Se più indizi fanno una prova, allora è evidente che l’UE stia ponendo le condizioni per convincere il Governo giallo-verde a uscire dall’Euro.
Non si può leggere diversamente l’alzata di spalle della Commissione Europa di fronte all’appello italiano, che chiede nuove regole ispirate a principi di solidarietà e responsabilità che non siano a senso unico come avvenuto fino ad oggi.
Sul suo profilo Facebook il presidente Conte scrive: Nel corso della riunione convocata d’urgenza dalla Commissione Europea e che si è appena conclusa non è stato dato alcun seguito alle Conclusioni deliberate nel corso dell’ultimo Consiglio Europeo di fine giugno. Anzi. Da parte di alcuni Stati è stato proposto un passo indietro, suggerendo una sorta di regolamento di Dublino “mascherato”, che avrebbe individuato l’Italia come Paese di approdo sicuro, con disponibilità degli altri Stati a partecipare alla redistribuzione dei soli aventi diritto all’asilo, che notoriamente sono una percentuale minima dei migranti che arrivano per mare. Eppure è noto a tutti che l’Italia sta gestendo da giorni, con la nave Diciotti, una emergenza dai risvolti molto complessi e delicati. Ancora una volta misuriamo la discrasia, che trascolora in ipocrisia, tra parole e fatti. Alla fin fine conviene a Bruxelles che la nave Diciotti continui a sostare in mezzo al mare. Devono aver notato la fiducia di cui gode il Governo, e in particolare il ministro degli Interni: perciò i piani alti dell’UE non vedrebbero così male l’uscita dell’Italia, altrimenti inizierebbero una riforma delle politiche maggiormente invise ai cittadini italiani e a quelli europei.
Un secondo indizio viene dalle affermazioni di Jens Weidmann, presidente della Bundesbank e probabile successore di Draghi alla Banca Centrale Europea: E’ tempo di uscire dalla politica molto espansiva e dalle misure straordinarie, soprattutto prendendo in considerazione i possibili effetti collaterali. (…) Il forte peso degli alti debiti pubblici va ridotto: queste sono sfide che i singoli Stati devono affrontare per conto loro.

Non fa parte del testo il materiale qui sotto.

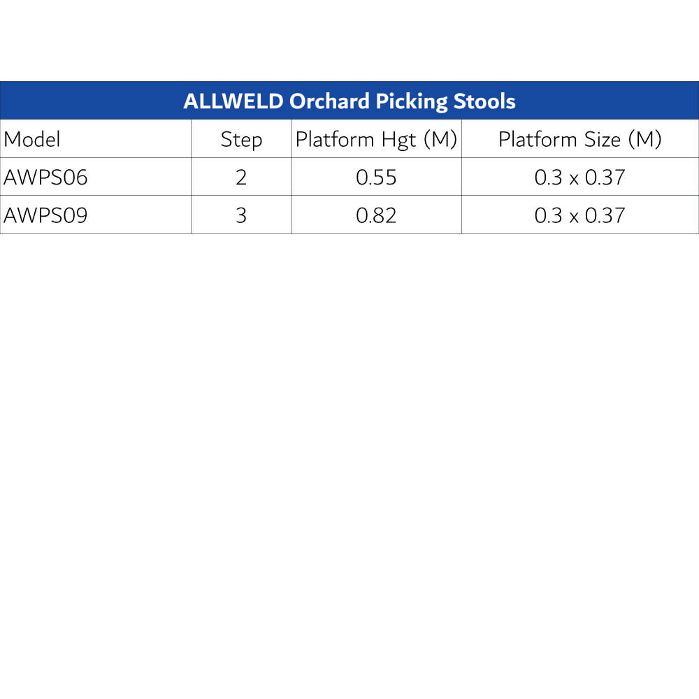Allweld has refined and developed their aluminium Picking Stool to meet the extreme demands required by the orchard industry. Fully welded from high grade 6060 T5 MF grade aluminium, the stools are extremely stable, lightweight and manoeuvrable. This increases picker’s safety, comfort and productivity.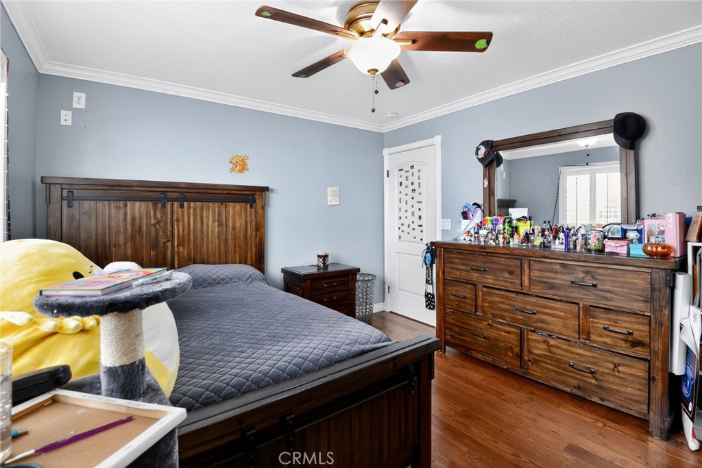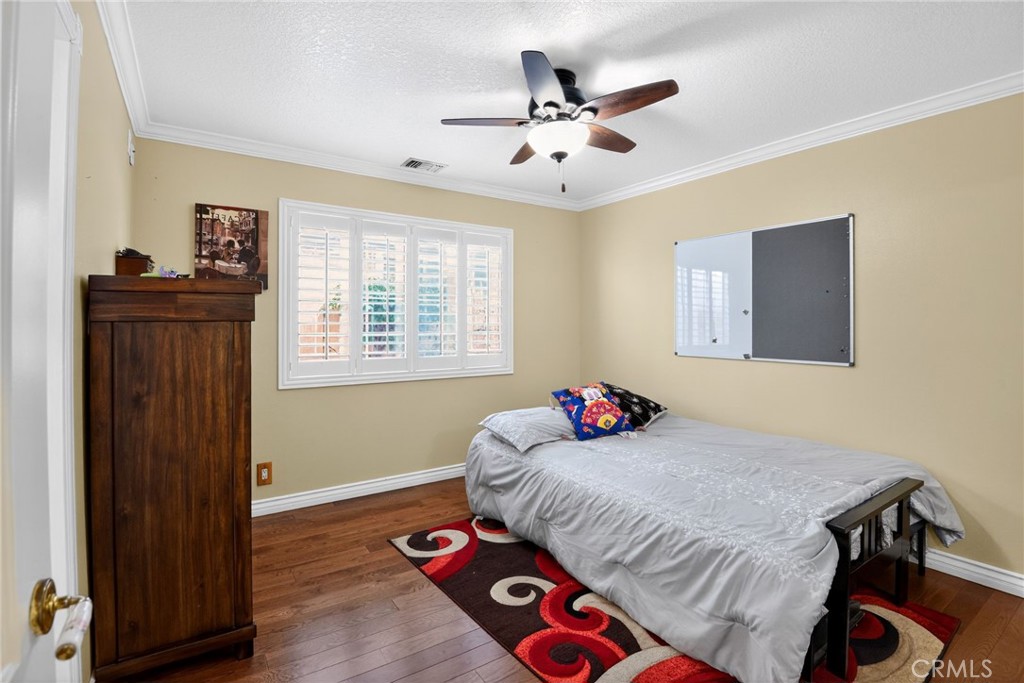 This house has 4 Bedrooms: three of them with engineered wood floor and one with black granite floor like the rest of the house; the owner's bedroom is huge and has a large walking closet and the bathroom has two sinks. There are 3 bathrooms, two of which were fully updated recently and one partially updated. Total living area approximately 2615 sqft, large family Room with fireplace, Living Room, Dining Room and Kitchen with new ovens and a Viking 6 burner gas Range. The exterior includes a patio, pool, BBQ covered area, pergola, some fruit trees, a long driveway for RV or 6 vehicles and tile roof.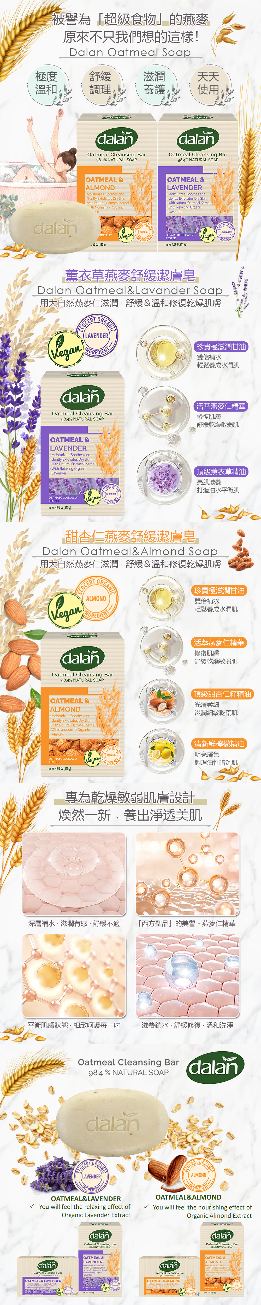商品內容:【土耳其dalan】燕麥舒緩潔膚皂115gX2入組➭多款-甜杏仁/薰衣草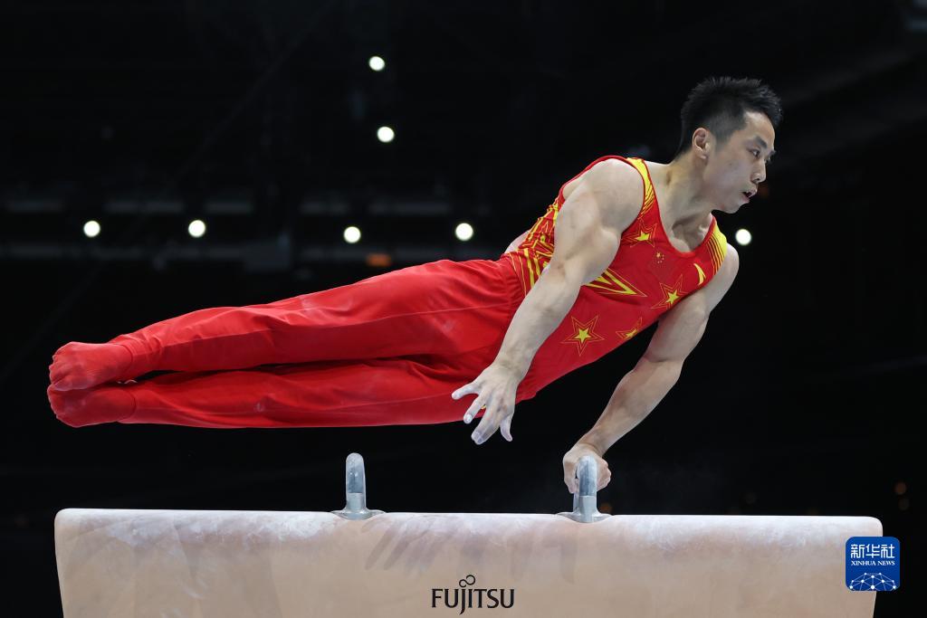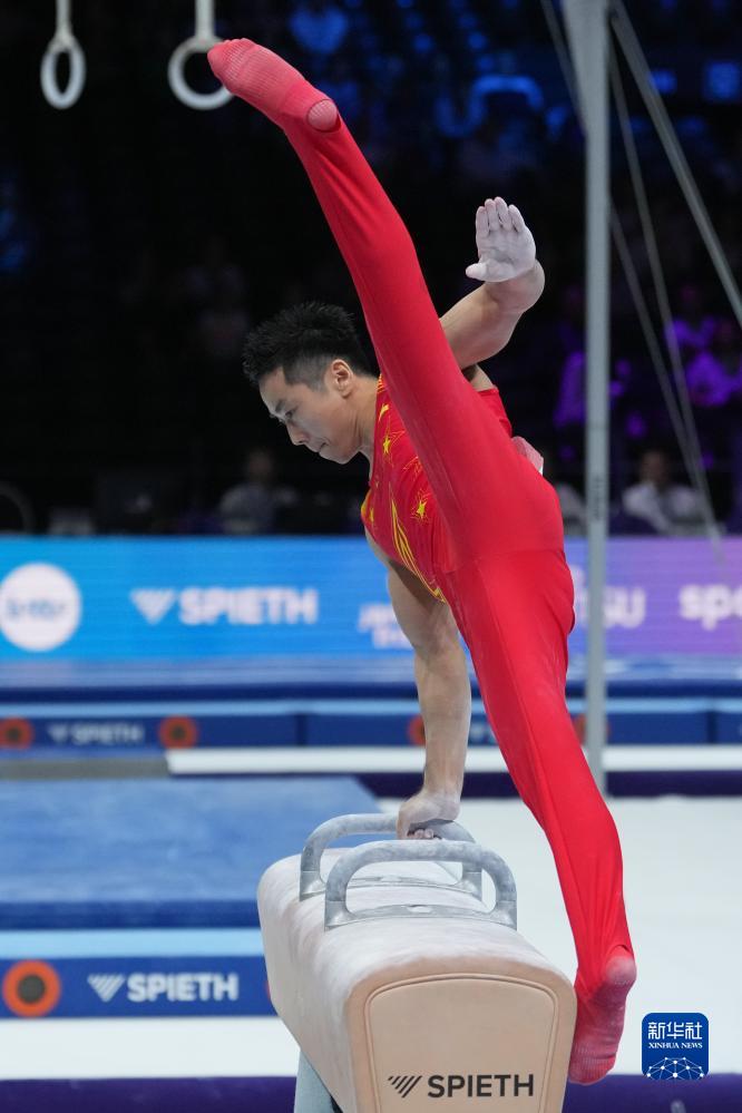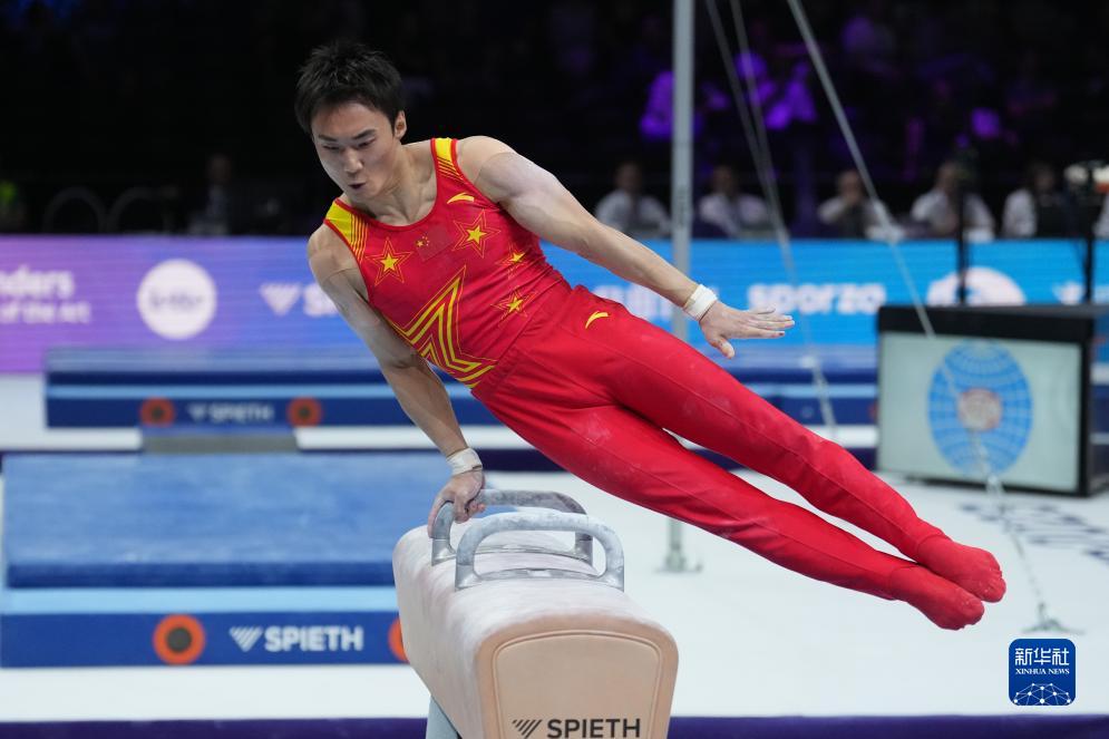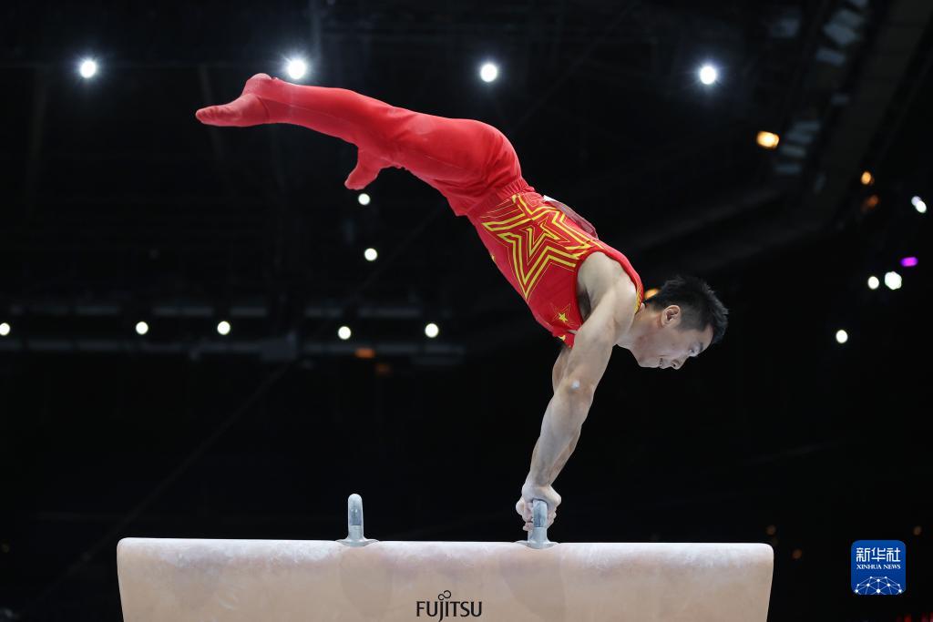 10月3日,中国队选手林超攀在鞍马项目比赛中。新华社记者 郑焕松 摄

Chi si esprime a favore della condivisione dei rischi deve anche essere pronto a cedere più sovranità giuridica ai livelli europei. Due punti sono estremamente chiari: stop al Quantitative Easing e maggiori poteri all’UE e meno agli Stati se vogliono barattare maggiore flessibilità. Suona come un avviso di sfratto per un Paese come l’Italia che ha beneficiato oltre misura del QE e col Governo attuale non ha alcuna intenzione di cedere ulteriore sovranità.
Il ministro Savona, intervistato da Bruno Vespa a Porto Cervo, ha dichiarato: C’è la possibilità che si scateni una speculazione finanziaria. Per colpa degli italiani o del governo? Non mi interessa, ma l’evento può accadere. Il governo si deve preparare e trovare una soluzione. Sono andato a parlare di questo con Mario Draghi e con altri, non con i russi. Ora il ministro Tria è in Cina per discutere. Un governo serio cerca di parare questa eventualità. L’Italia rispetterà i parametri, ma finché sarà possibile. L’economista precisa: Il piano B lo hanno tutti gli Stati, anche la Germania, nonostante le smentite della Merkel. Perché scandalizzarsi. È una sorta di ultimatum a Bruxelles: o ci lasciate governare senza mettere la manina, oppure siamo pronti a dirvi addio.
Sulla stessa lunghezza d’onda il ministro Salvini, che dopo la fumata grigia al nuovo piano immigrazione dell’UE ha detto: Gli italiani penso si aspettino buon senso, rigore e tranquillità: se in Europa fanno finta di non capire, come hanno detto giustamente Conte e Di Maio vedremo di pagare l’Europa un po’ di meno. Il contributo possiamo diminuirlo in quota parte con quello che l’Ue non fa danneggiando l’Italia, non solo sull’immigrazione. E sull’uscita dell’euro Salvini spiega: Non confondiamo i temi. Il discorso economico lo affronteremo perché c’è in preparazione il bilancio dell’Europa dei prossimi anni che è assolutamente insoddisfacente. Che vada ripensata ridiscussa, riscritta mi pare evidente. Oggi l’Europa ha dato l’ennesima dimostrazione di essere solo sulla carta. Quando si parla di condivisione a Bruxelles sono sordi.
Un’affermazione che prende tempo, ma che non esclude l’applicazione del piano B come ultima ratio se l’UE continua a predisporre le condizioni per costringere l’Italia a togliere il disturbo. Ricordiamo che l’Italia sembra aver ricevuto massima disponibilità da Trump per sostenerla sulla questione del debito, pur non sapendo bene come, a fronte di un appoggio alla politica pro-dazi; e si è persino menzionato un aiuto di Cina o Russia. Difficile comprendere quanto vi sia di vero, ma se l’Italia si sganciasse dall’Euro, il Governo dovrebbe comunque ridisegnare le partnership commerciali e finanziarie, nonché gli assetti geopolitici del Vecchio Continente.
Intanto, l’agenzia di rating Moody’s ha rivisto ulteriormente al ribasso la crescita dell’Italia per quest’anno e per il prossimo. Lo spread aumenta con Bini Smaghi, ex consigliere della BCE che domanda al Governo un atto di buona volontà per rasserenare i mercati finanziari: la pre-approvazione dell’articolo 1 del DEF dove si fissa il rapporto deficiti/Pil e di conseguenza il debito. Una proposta del genere potrebbe significare che UE e alta finanza abbiano già scaricato il Governo italiano e che solo inginocchiandosi ai loro piedi si potrà ricevere clemenza. Ma è qualcosa di troppo irrispettoso per un Paese fondatore dell’Unione Europea.